(RECORDS FOR THE TASK)
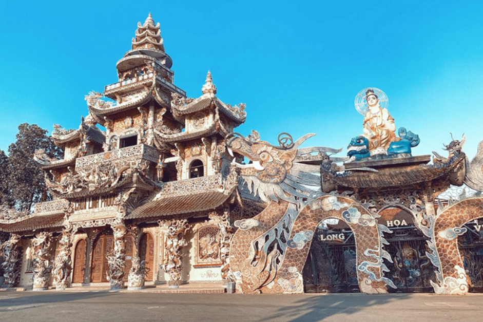 Chùa Linh Phước hay còn được biết đến với tên gọi khác là chùa Ve Chai. Chùa nằm ở vùng ngoại ô, cách trung tâm khoảng 8km. Địa điểm này không ít lần gây “bão” trên các trang mạng xã hội với những tấm hình check in đầy nghệ thuật của các tín đồ sống ảo. Cũng nhờ đó mà ngôi chùa ngày càng nổi tiếng và hấp dẫn nhiều du khách thập phương ghé thăm. Điểm nhấn độc đáo của chùa Linh Phước ở Đà Lạt là các công trình trong khuôn viên chùa được khảm các mảnh sành, sứ, chai bên ngoài. Do đó, ngôi chùa này còn được gọi với cái tên khác là chùa Ve Chai. Chùa có diện tích 6.666,84m2, chánh điện chùa rộng 12m, dài 33m với 2 hàng cột rồng khảm sành. Đây cũng là ngôi chùa duy nhất ở Việt Nam sở hữu đến 11 kỷ lục.
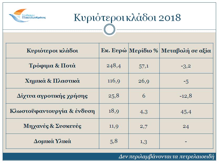 Με αρνητικό πρόσημο και ελαφριά μείωση που φτάνει σχεδόν το 2% έκλεισαν οι Κρητικές εξαγωγές για το έτος 2018, σε σχέση με το 2017, βάσει των προσωρινών στοιχείων της Ελληνικής Στατιστικής Αρχής, τα οποία επεξεργάστηκε ο Σύνδεσμος Εξαγωγέων Κρήτης.
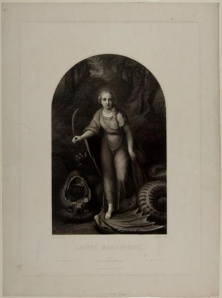 Curator: Achille Louis Martinet gives us "The Virgin at the Redemption," now part of the Harvard Art Museums' collection. Editor: It’s a bit sepia-toned, isn't it? Instantly makes me think of old photographs and faded memories. Curator: The image carries a powerful weight, doesn't it? The Virgin, tenderly holding the child, is framed by symbolic figures. The palm fronds above her head signal victory and martyrdom. Editor: Yes, the fronds feel almost protective, while the cherubs add this gentle, ethereal touch. It feels like a very human moment, softened by the promise of something greater, or perhaps something already lost. Curator: The composition and the figures invoke a lineage of Christian iconography. Editor: It has an antique, romantic, and nostalgic quality, really. There's a dreaminess to it that's hard to shake off. Curator: Absolutely; these images were designed to be impactful, but I think Martinet captures the humanity of the subject. Editor: That’s precisely it—a soft dream of humanity. Very nice.
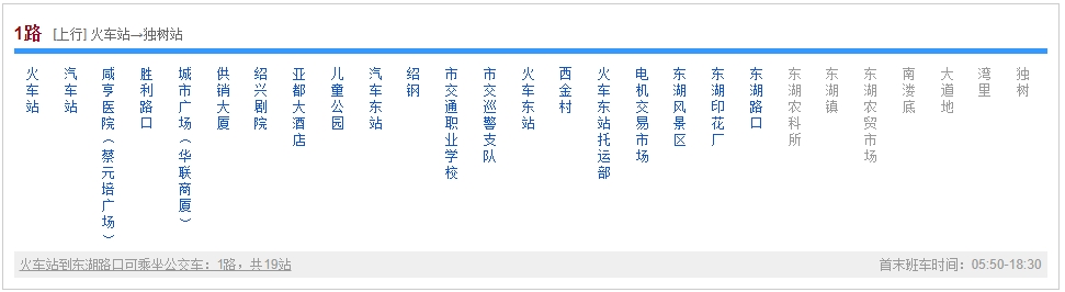 紹興火車站到東湖路口可乘坐公交車:1路。
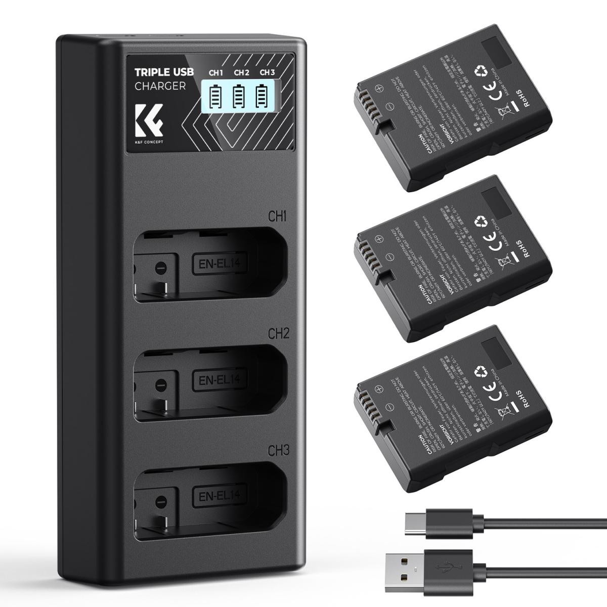 K&F Concept: paquete de 3 baterías EN-EL14 para cámaras Nikon con cargador LCD de 3 ranuras. Incluye baterías EN-EL14 con una capacidad de 1050 mAh y un cargador con pantalla LCD y doble entrada Micro USB/Type-C para una carga rápida y segura.
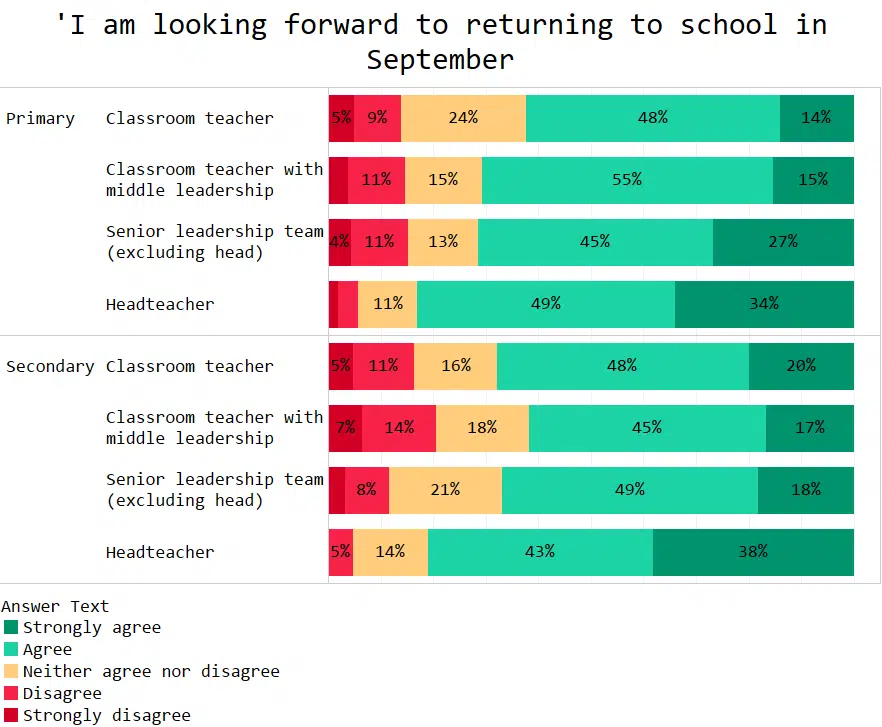 Note that headteachers are the most excited about returning to school. Though this isn’t surprising when you realise they are perennial swots.
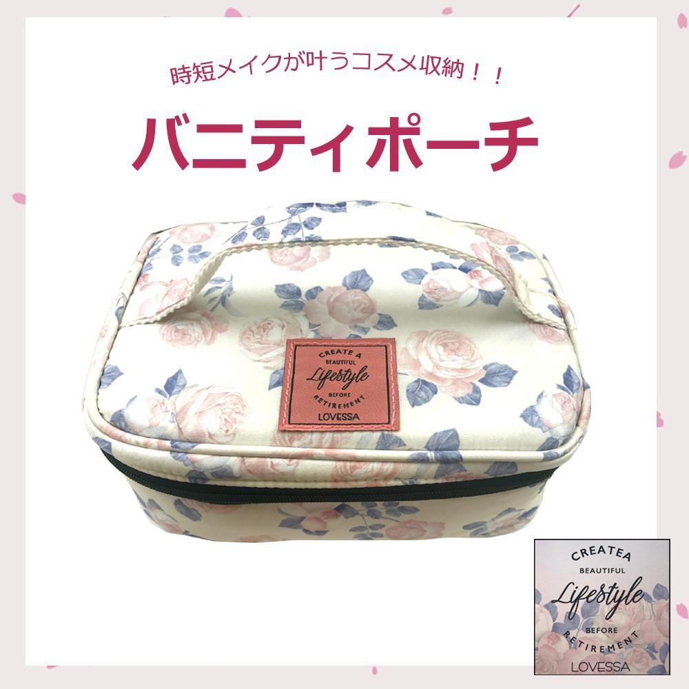 ひと目で全体が見渡せるので、使いたいアイテムがすぐに見つかる!収納力抜群のバニティポーチです♪ 製造国:中国 素材・材質:本体外側/ポリエステル本体内側/裏地:ポリエステル、芯材:ポリエチレン・ポリプロピレン、底面・筆カバー・フラップポケット:塩化ビニル樹脂 商品サイズ:W190×H80×D130mm ※サプライヤー直送品 ご注文後2~3営業日後の出荷となります【商品名】LOVESSA コスメポーチシリーズ バニティポーチ TP12167
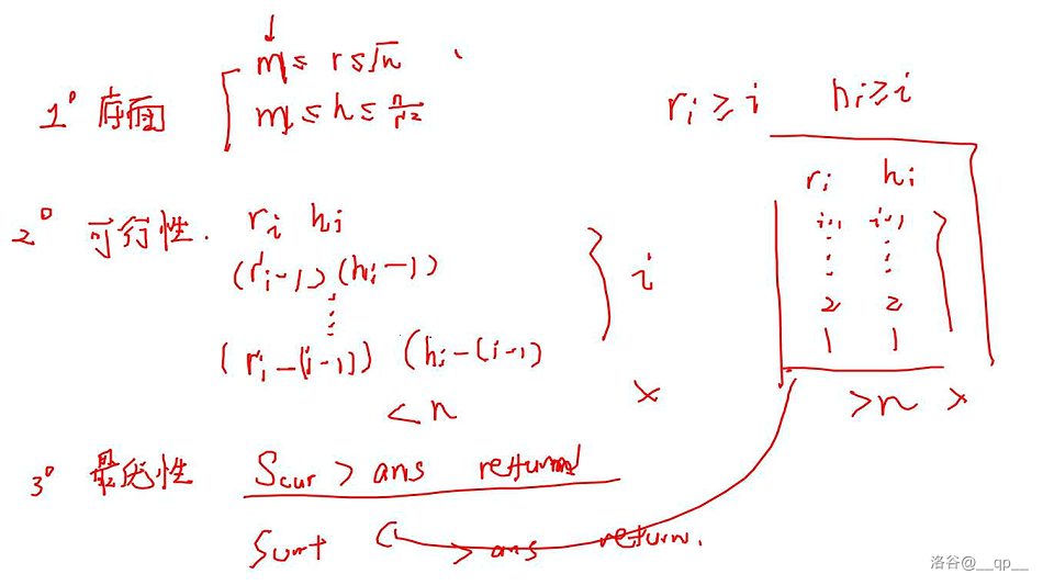 最优性剪枝:将 $h$ 设置为尽可能小地放蛋糕,不考虑体积为 $N\pi$ 这一限制的情况下,得到的代价。
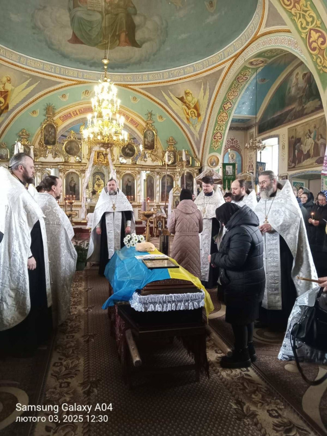 Заупокійну літію за загиблим відслужили в Свято-Успенському храмі УПЦ у Старосіллі.
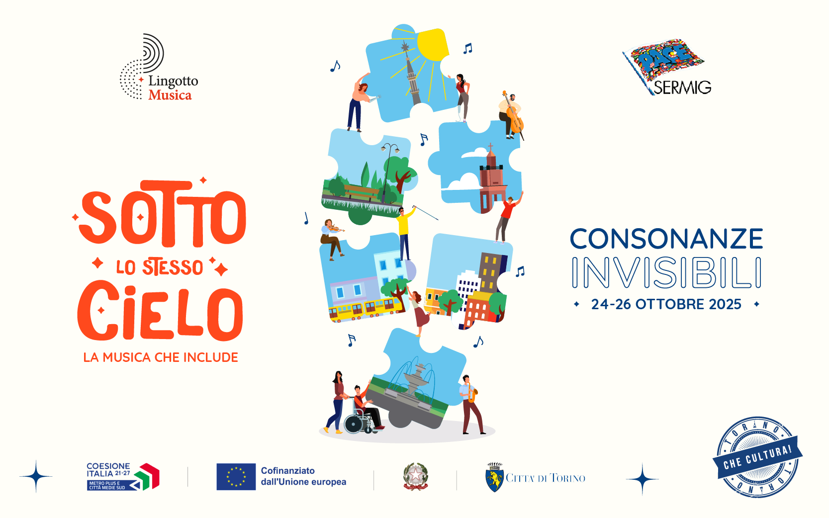 Sotto lo stesso cielo. La musica che include è un festival diffuso che intende portare la cultura musicale in periferia. Ideata da Lingotto Musica in coproduzione con Fondazione Sermig, la rassegna si articola in un lungo weekend di concerti, conferenze e altre attività negli ambienti dell’Arsenale della Pace, nei luoghi di cura, nelle chiese e nei mercati di prossimità dei quartieri torinesi Aurora e Barriera di Milano.
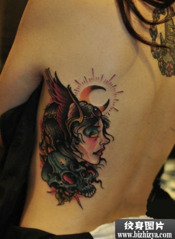 欧美风骷髅美女头像腰部纹身图案图片_骷髅纹身图案大全_纹身图吧
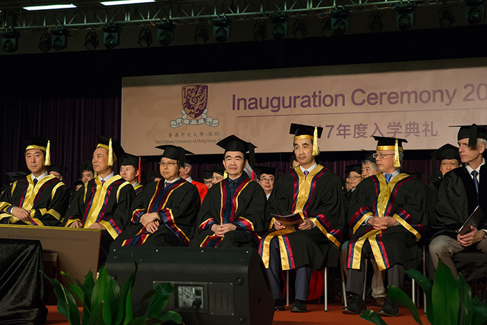 出席开学典礼的嘉宾除了校长徐扬生教授,理事会主席、香港中文大学校长沈祖尧教授,2013年诺贝尔化学奖得主阿里耶•瓦谢尔教授外,还有许多世界知名的学术界大咖,如2012年诺贝尔化学奖得主布莱恩•科比尔卡(Brian K. KOBILKA),美国工程院院士、美国斯坦福大学工学院教授Stephen P. Boyd等。从全球范围内吸引来的众多杰出学者及研究人员,必将会在各自的专业领域内给予入学新生们更全面的教导和指引。
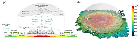 Urban Heat Island effect (a); a numerical simulation of UHI effect (b).
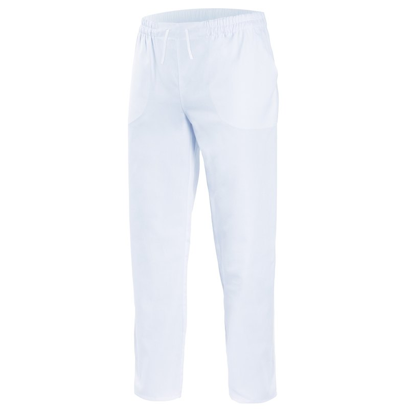Pantalón con goma elástica en el interior de la cinturilla y cinta para ajustar. Dos bolsillos franceses. Sarga. 65% poliéster – 35% algodón. Gramaje 190 gr/m2.
(End RECORDS FOR THE TASK)
:: EXERCISE BRIEF ::
Copy out the data above to the letter, and keep every picture out of it.

:: OUTPUT BELOW ::
 Chùa Linh Phước hay còn được biết đến với tên gọi khác là chùa Ve Chai. Chùa nằm ở vùng ngoại ô, cách trung tâm khoảng 8km. Địa điểm này không ít lần gây “bão” trên các trang mạng xã hội với những tấm hình check in đầy nghệ thuật của các tín đồ sống ảo. Cũng nhờ đó mà ngôi chùa ngày càng nổi tiếng và hấp dẫn nhiều du khách thập phương ghé thăm. Điểm nhấn độc đáo của chùa Linh Phước ở Đà Lạt là các công trình trong khuôn viên chùa được khảm các mảnh sành, sứ, chai bên ngoài. Do đó, ngôi chùa này còn được gọi với cái tên khác là chùa Ve Chai. Chùa có diện tích 6.666,84m2, chánh điện chùa rộng 12m, dài 33m với 2 hàng cột rồng khảm sành. Đây cũng là ngôi chùa duy nhất ở Việt Nam sở hữu đến 11 kỷ lục.
 Με αρνητικό πρόσημο και ελαφριά μείωση που φτάνει σχεδόν το 2% έκλεισαν οι Κρητικές εξαγωγές για το έτος 2018, σε σχέση με το 2017, βάσει των προσωρινών στοιχείων της Ελληνικής Στατιστικής Αρχής, τα οποία επεξεργάστηκε ο Σύνδεσμος Εξαγωγέων Κρήτης.
 Curator: Achille Louis Martinet gives us "The Virgin at the Redemption," now part of the Harvard Art Museums' collection. Editor: It’s a bit sepia-toned, isn't it? Instantly makes me think of old photographs and faded memories. Curator: The image carries a powerful weight, doesn't it? The Virgin, tenderly holding the child, is framed by symbolic figures. The palm fronds above her head signal victory and martyrdom. Editor: Yes, the fronds feel almost protective, while the cherubs add this gentle, ethereal touch. It feels like a very human moment, softened by the promise of something greater, or perhaps something already lost. Curator: The composition and the figures invoke a lineage of Christian iconography. Editor: It has an antique, romantic, and nostalgic quality, really. There's a dreaminess to it that's hard to shake off. Curator: Absolutely; these images were designed to be impactful, but I think Martinet captures the humanity of the subject. Editor: That’s precisely it—a soft dream of humanity. Very nice.
 紹興火車站到東湖路口可乘坐公交車:1路。
 K&F Concept: paquete de 3 baterías EN-EL14 para cámaras Nikon con cargador LCD de 3 ranuras. Incluye baterías EN-EL14 con una capacidad de 1050 mAh y un cargador con pantalla LCD y doble entrada Micro USB/Type-C para una carga rápida y segura.
 Note that headteachers are the most excited about returning to school. Though this isn’t surprising when you realise they are perennial swots.
 ひと目で全体が見渡せるので、使いたいアイテムがすぐに見つかる!収納力抜群のバニティポーチです♪ 製造国:中国 素材・材質:本体外側/ポリエステル本体内側/裏地:ポリエステル、芯材:ポリエチレン・ポリプロピレン、底面・筆カバー・フラップポケット:塩化ビニル樹脂 商品サイズ:W190×H80×D130mm ※サプライヤー直送品 ご注文後2~3営業日後の出荷となります【商品名】LOVESSA コスメポーチシリーズ バニティポーチ TP12167
 最优性剪枝:将 $h$ 设置为尽可能小地放蛋糕,不考虑体积为 $N\pi$ 这一限制的情况下,得到的代价。
 Заупокійну літію за загиблим відслужили в Свято-Успенському храмі УПЦ у Старосіллі.
 Sotto lo stesso cielo. La musica che include è un festival diffuso che intende portare la cultura musicale in periferia. Ideata da Lingotto Musica in coproduzione con Fondazione Sermig, la rassegna si articola in un lungo weekend di concerti, conferenze e altre attività negli ambienti dell’Arsenale della Pace, nei luoghi di cura, nelle chiese e nei mercati di prossimità dei quartieri torinesi Aurora e Barriera di Milano.
 欧美风骷髅美女头像腰部纹身图案图片_骷髅纹身图案大全_纹身图吧
 出席开学典礼的嘉宾除了校长徐扬生教授,理事会主席、香港中文大学校长沈祖尧教授,2013年诺贝尔化学奖得主阿里耶•瓦谢尔教授外,还有许多世界知名的学术界大咖,如2012年诺贝尔化学奖得主布莱恩•科比尔卡(Brian K. KOBILKA),美国工程院院士、美国斯坦福大学工学院教授Stephen P. Boyd等。从全球范围内吸引来的众多杰出学者及研究人员,必将会在各自的专业领域内给予入学新生们更全面的教导和指引。
 Urban Heat Island effect (a); a numerical simulation of UHI effect (b).
Pantalón con goma elástica en el interior de la cinturilla y cinta para ajustar. Dos bolsillos franceses. Sarga. 65% poliéster – 35% algodón. Gramaje 190 gr/m2.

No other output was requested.